In the data below, find the line containing "Kombinace razítek a"; transcribe it and each line after it exactly, through the last, skipping pictures.

....

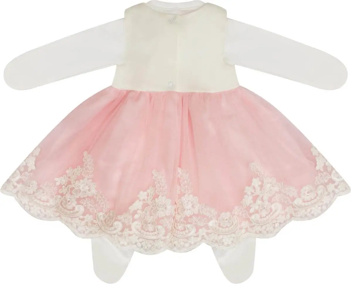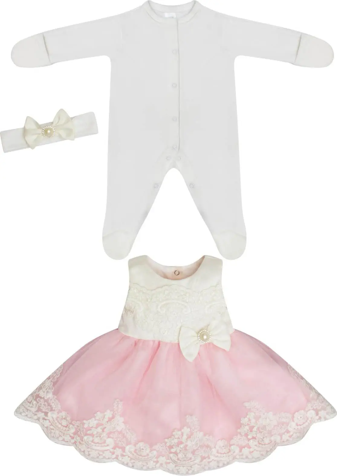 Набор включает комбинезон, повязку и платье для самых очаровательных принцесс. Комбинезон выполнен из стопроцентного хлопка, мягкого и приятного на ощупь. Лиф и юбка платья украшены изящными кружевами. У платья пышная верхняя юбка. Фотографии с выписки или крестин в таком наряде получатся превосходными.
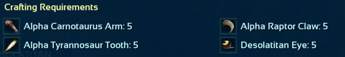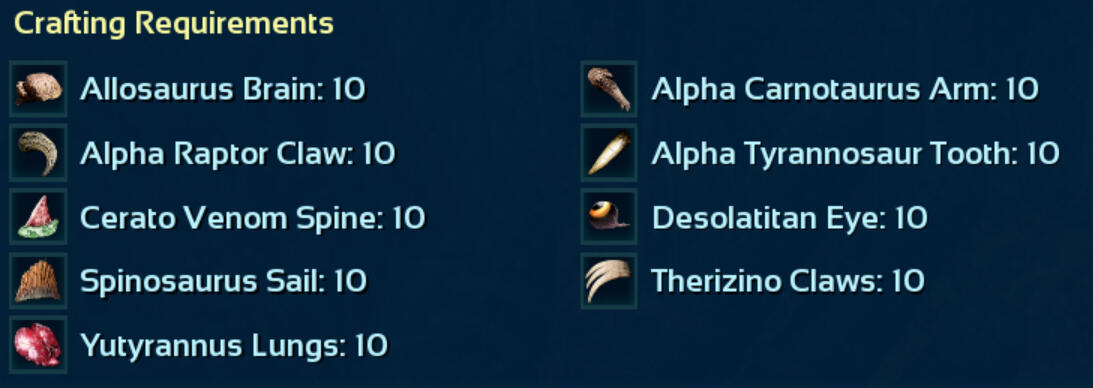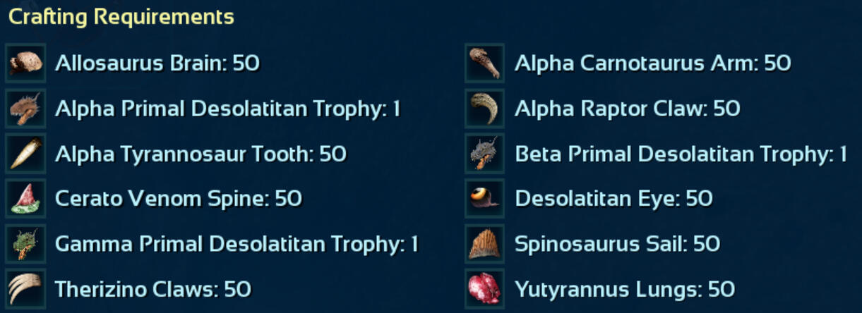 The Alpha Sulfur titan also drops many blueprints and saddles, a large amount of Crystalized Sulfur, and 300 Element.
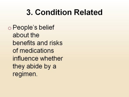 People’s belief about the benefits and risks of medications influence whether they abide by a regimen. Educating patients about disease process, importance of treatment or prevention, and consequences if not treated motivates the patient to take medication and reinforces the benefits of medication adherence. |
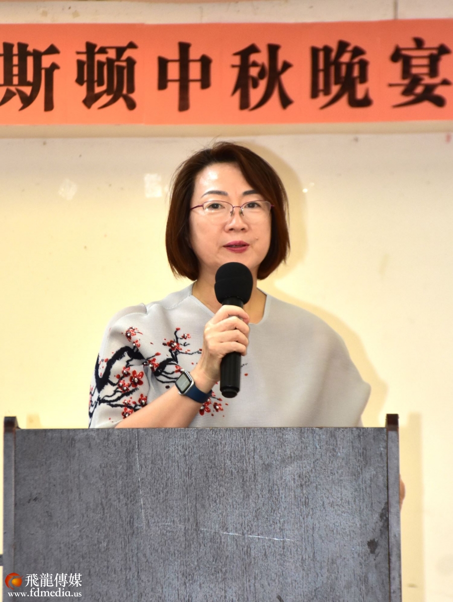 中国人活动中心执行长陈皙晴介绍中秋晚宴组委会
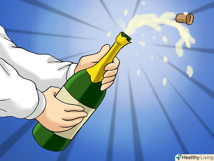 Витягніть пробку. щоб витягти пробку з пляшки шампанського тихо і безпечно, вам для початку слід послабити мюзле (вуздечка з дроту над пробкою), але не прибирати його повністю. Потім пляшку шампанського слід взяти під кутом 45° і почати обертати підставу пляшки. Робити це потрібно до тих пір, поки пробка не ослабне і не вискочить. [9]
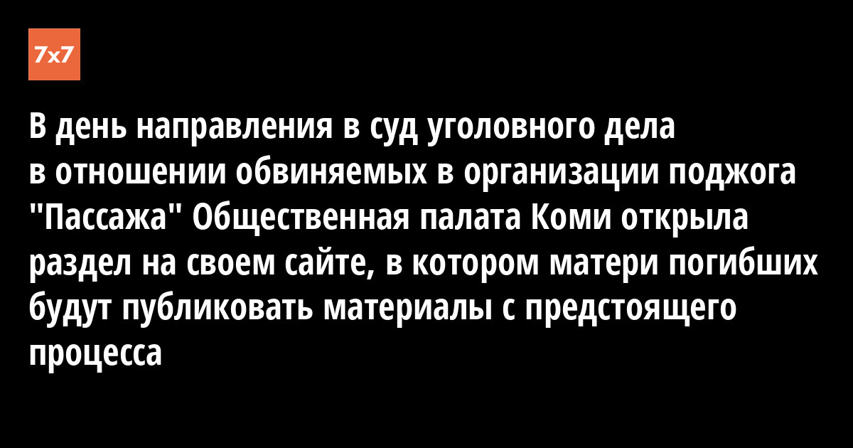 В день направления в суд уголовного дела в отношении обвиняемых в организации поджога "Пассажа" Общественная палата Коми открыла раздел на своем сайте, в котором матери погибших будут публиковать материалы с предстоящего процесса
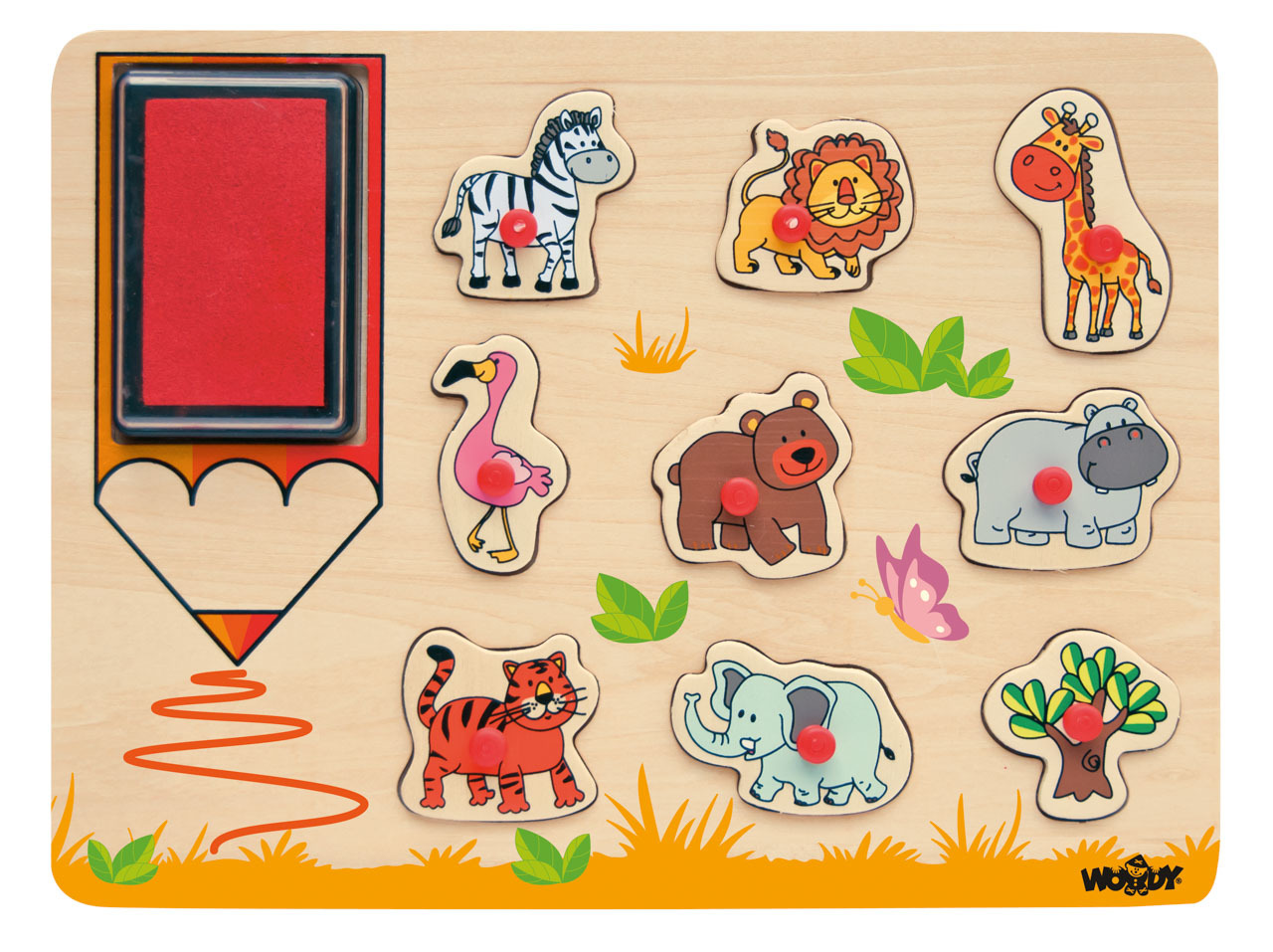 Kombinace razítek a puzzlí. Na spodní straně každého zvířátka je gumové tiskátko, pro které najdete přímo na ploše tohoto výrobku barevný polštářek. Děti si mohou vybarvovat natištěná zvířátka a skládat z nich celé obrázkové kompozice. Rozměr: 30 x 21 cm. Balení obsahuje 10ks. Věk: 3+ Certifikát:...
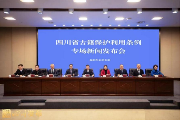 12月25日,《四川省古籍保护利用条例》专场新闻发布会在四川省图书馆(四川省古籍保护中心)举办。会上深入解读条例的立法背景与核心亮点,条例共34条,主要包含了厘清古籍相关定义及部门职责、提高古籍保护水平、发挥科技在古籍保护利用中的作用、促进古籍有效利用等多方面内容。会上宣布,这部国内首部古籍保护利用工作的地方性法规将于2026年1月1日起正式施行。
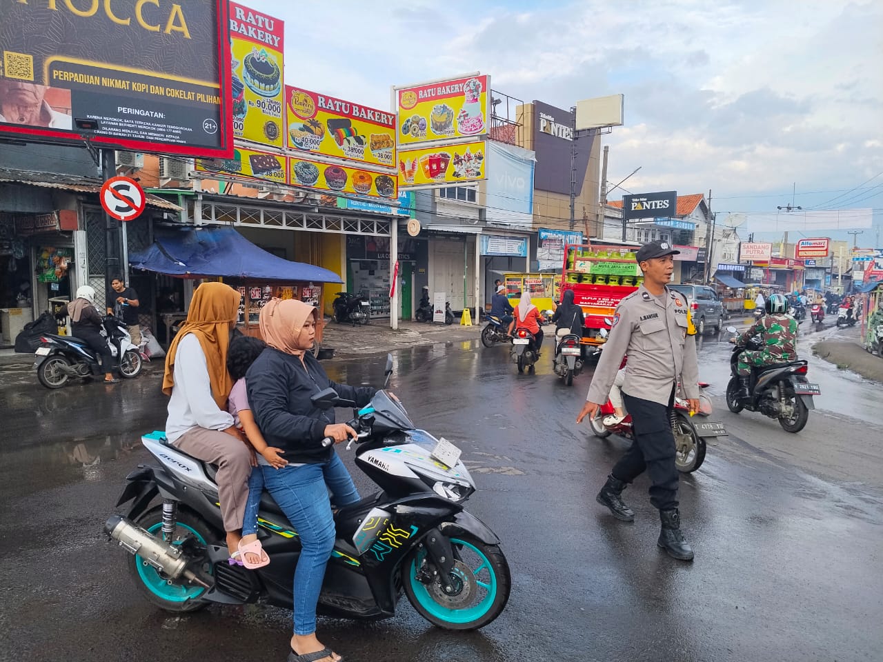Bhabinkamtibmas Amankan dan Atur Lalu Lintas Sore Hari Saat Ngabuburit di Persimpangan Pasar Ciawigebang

....

▸ Written answer
 Kombinace razítek a puzzlí. Na spodní straně každého zvířátka je gumové tiskátko, pro které najdete přímo na ploše tohoto výrobku barevný polštářek. Děti si mohou vybarvovat natištěná zvířátka a skládat z nich celé obrázkové kompozice. Rozměr: 30 x 21 cm. Balení obsahuje 10ks. Věk: 3+ Certifikát:...
 12月25日,《四川省古籍保护利用条例》专场新闻发布会在四川省图书馆(四川省古籍保护中心)举办。会上深入解读条例的立法背景与核心亮点,条例共34条,主要包含了厘清古籍相关定义及部门职责、提高古籍保护水平、发挥科技在古籍保护利用中的作用、促进古籍有效利用等多方面内容。会上宣布,这部国内首部古籍保护利用工作的地方性法规将于2026年1月1日起正式施行。
Bhabinkamtibmas Amankan dan Atur Lalu Lintas Sore Hari Saat Ngabuburit di Persimpangan Pasar Ciawigebang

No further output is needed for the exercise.